Excerpt (computer-generated)
Katholische Fachhochschule Freiburg
Hochschule für Sozialwesen, Religionspädagogik und Pflege
Fachbereich Soziale Arbeit
Lehrveranstaltung
Sozial- und Gesellschaftspolitik
Thema der Hausarbeit
Die Frage der Inklusion älterer Arbeitnehmer in das Arbeitssystem vor
dem Hintergrund des Altersstrukturwandels
Ein Ländervergleich Deutschland - Großbritannien
Hausarbeit vorgelegt von:
Birgitta Bernhardt
8. Fachsemester Soziale Arbeit
1
Inhalt
1. Einleitung 3
2. Die Entwicklung der Erwerbsbeteiligung älterer Menschen 4
2.1. Die Situation am deutschen Arbeitsmarkt 4
2.1.1. Rentenzugangsalter 4
2.1.2. Erwerbsquoten älterer Menschen 4
2.1.3. Arbeitslosigkeit erwerbswilliger älterer Menschen 5
2.1.4. Partizipation an Fort- und Weiterbildungsangeboten 5
2.2. Die Situation am britischen Arbeitsmarkt 6
2.2.1. Rentenzugangsalter 6
2.2.2. Erwerbsqouten älterer Menschen 6
2.2.3. Arbeitslosigkeit erwerbswilliger älterer Menschen 7
2.2.4. Partizipation an Fort- und Weiterbildungsangeboten 7
2.3. Fazit 7
3. Konsequenzen einer geringen Alterserwerbstätigkeit für die Volkswirtschaft 7
3.1. Entgangene Wertschöpfungspotenziale 8
3.2. Überlastung der sozialen Sicherungssysteme 8
4. Integrationshemmende Faktoren für ältere Menschen am deutschen Arbeitsmarkt 9
4.1. Gesetzliche Rahmenbedingungen 9
4.2. Tarifliche Rahmenbedingungen 10
4.3. Negativattribuierung des Alters seitens der Arbeitgeber 10
5. Maßnahmen zur Förderung der Beschäftigung älterer Erwerbstätiger 11
5.1. Deutschland 11
5.1.1. Arbeitsrechtliche Reformen 11
5.1.2. Allgemeines Gleichstellungsgesetz (AGG) 12
5.2. Großbritannien 12
5.2.1. Staatliche Initiativen 12
5.2.2. Rechtliche Grundlagen 13
6. Zusammenfassung 14
7. Literatur 16
2
1. Einleitung
Die ,,Rente mit 67", aktuell eines der Topthemen innerhalb der nationalen Medienlandschaft,
bewegt und erhitzt die Gemüter der Bevölkerung über alle Schichten und Milieugrenzen
hinweg.
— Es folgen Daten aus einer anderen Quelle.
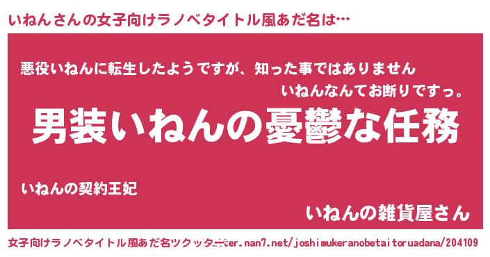 | 男性向けラノベタイトル風あだ名 | 『冴えないいねんの育てかた』 |
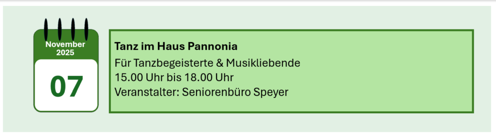 Hier finden Sie Hinweise zu Veranstaltungen, die im Haus Pannonia geplant sind. Wir weisen auch auf Veranstaltungen hin, deren Verantwortlichkeit nicht bei der Donaudeutschen Landsmannschaft liegt. Bitte beachten Sie die Hinweise auf den Veranstalter.
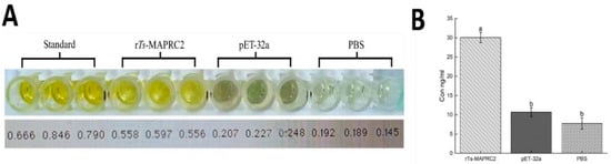 3.3. Binding Ability of rTs-MAPRC2 Protein by Sandwich ELISA

Das Spektrum der Bewertung der anstehenden Reformen reicht von ,,notwendiger
Anpassungsmaßnahme an die demografische Entwicklung" bis zum ,,Rentenklau". Innerhalb
des Lagers der Gegner der Gesetzesnovelle wird als eines der Hauptargumente die schon
bereits derzeit bestehende prekäre Lage älterer Arbeitnehmer auf dem Arbeitsmarkt angeführt.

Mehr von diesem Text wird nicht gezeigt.